2. **Iterate and Benchmark**: It then enters a nested loop, iterating through every combination of `max-num-seqs` and `max-num-batched-tokens` provided in the configuration lists.

3. **Latency-Aware Throughput Search**: For each parameter combination:
    - The vLLM server is started.
    - A benchmark is first run with an infinite request rate (`--request-rate inf`).
    - If the resulting P99 E2E latency is within the `MAX_LATENCY_ALLOWED_MS` limit, this throughput is considered the maximum for this configuration.
    - If the latency is too high, the script performs a search by iteratively decreasing the request rate until the latency constraint is met.
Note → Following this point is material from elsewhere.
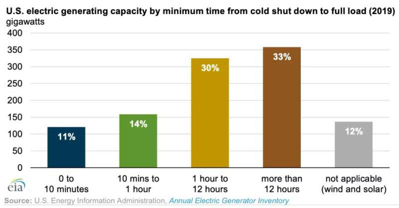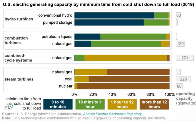 大多數(shù)水力渦輪機(jī)使用流動(dòng)的水來(lái)旋轉(zhuǎn)渦輪機(jī),從冷啟動(dòng)到完全運(yùn)行不到10分鐘(占美國(guó)電力裝機(jī)的11%)。燃燒式渦輪機(jī),使用燃燒的燃料空氣混合物來(lái)旋轉(zhuǎn)渦輪機(jī),啟動(dòng)速度也相對(duì)較快(1小時(shí)之內(nèi),占美國(guó)電力裝機(jī)14%)。蒸汽輪機(jī)通常需要更多的時(shí)間,因?yàn)槿剂霞訜崴纬烧羝?,蒸汽需要達(dá)到一定的溫度、壓力和含水量閾值,然后才能被引導(dǎo)到渦輪機(jī)上,從而使發(fā)電機(jī)旋轉(zhuǎn)。

This finds the highest sustainable throughput for the given parameters and latency requirement.

4. **Track Best Result**: Throughout the process, the script tracks the parameter combination that has yielded the highest valid throughput so far.

5. **Profile Collection**: For the best-performing run, the script saves the vLLM profiler output, which can be used for deep-dive performance analysis with tools like TensorBoard.

## Batched `auto_tune`

The `batch_auto_tune.sh` script allows you to run multiple `auto_tune.sh` experiments sequentially from a single configuration file. It iterates through a list of parameter sets, executes `auto_tune.sh` for each, and records the results back into the input file.

### Prerequisites

- **jq**: This script requires `jq` to parse the JSON configuration file.
- **gcloud**: If you plan to upload results to Google Cloud Storage, the `gcloud` CLI must be installed and authenticated.

### How to Run

1. **Create a JSON configuration file**: Create a file (e.g., `runs_config.json`) containing an array of JSON objects. Each object defines the parameters for a single `auto_tune.sh` run.

2. **Execute the script**:

    ```bash
    bash batch_auto_tune.sh <path_to_json_file> [gcs_upload_path]
    ```

    - `<path_to_json_file>`: **Required.** Path to your JSON configuration file.
    - `[gcs_upload_path]`: **Optional.** A GCS path (e.g., `gs://my-bucket/benchmark-results`) where the detailed results and profiles for each run will be uploaded. If this is empty, the results will be available on the local filesystem (see the log for `RESULT_FILE=/path/to/results/file.txt`).

### Configuration File

The JSON configuration file should contain an array of objects. Each object's keys correspond to the configuration variables for `auto_tune.sh` (see the [Configuration table above](#configuration)). These keys will be converted to uppercase environment variables for each run.

Here is an example `runs_config.json` with two benchmark configurations:

```json
[
  {
    "base": "/home/user",
    "model": "meta-llama/Llama-3.1-8B-Instruct",
    "system": "TPU", # OR GPU
    "tp": 8,
    "input_len": 128,
    "output_len": 2048,
    "max_model_len": 2300,
    "num_seqs_list": "128 256",
    "num_batched_tokens_list": "8192 16384"
  },
  {
    "base": "/home/user",
    "model": "meta-llama/Llama-3.1-70B-Instruct",
    "system": "TPU", # OR GPU
    "tp": 8,
    "input_len": 4000,
    "output_len": 16,
    "max_model_len": 4096,
    "num_seqs_list": "64 128",
    "num_batched_tokens_list": "4096 8192",
    "max_latency_allowed_ms": 500
  }
]
```

### Output

The script modifies the input JSON file in place, adding the results of each run to the corresponding object. The following fields are added:

- `run_id`: A unique identifier for the run, derived from the timestamp.
- `status`: The outcome of the run (`SUCCESS`, `FAILURE`, or `WARNING_NO_RESULT_FILE`).
- `results`: The content of the `result.txt` file from the `auto_tune.sh` run.
- `gcs_results`: The GCS URL where the run's artifacts are stored (if a GCS path was provided).

A summary of successful and failed runs is also printed to the console upon completion.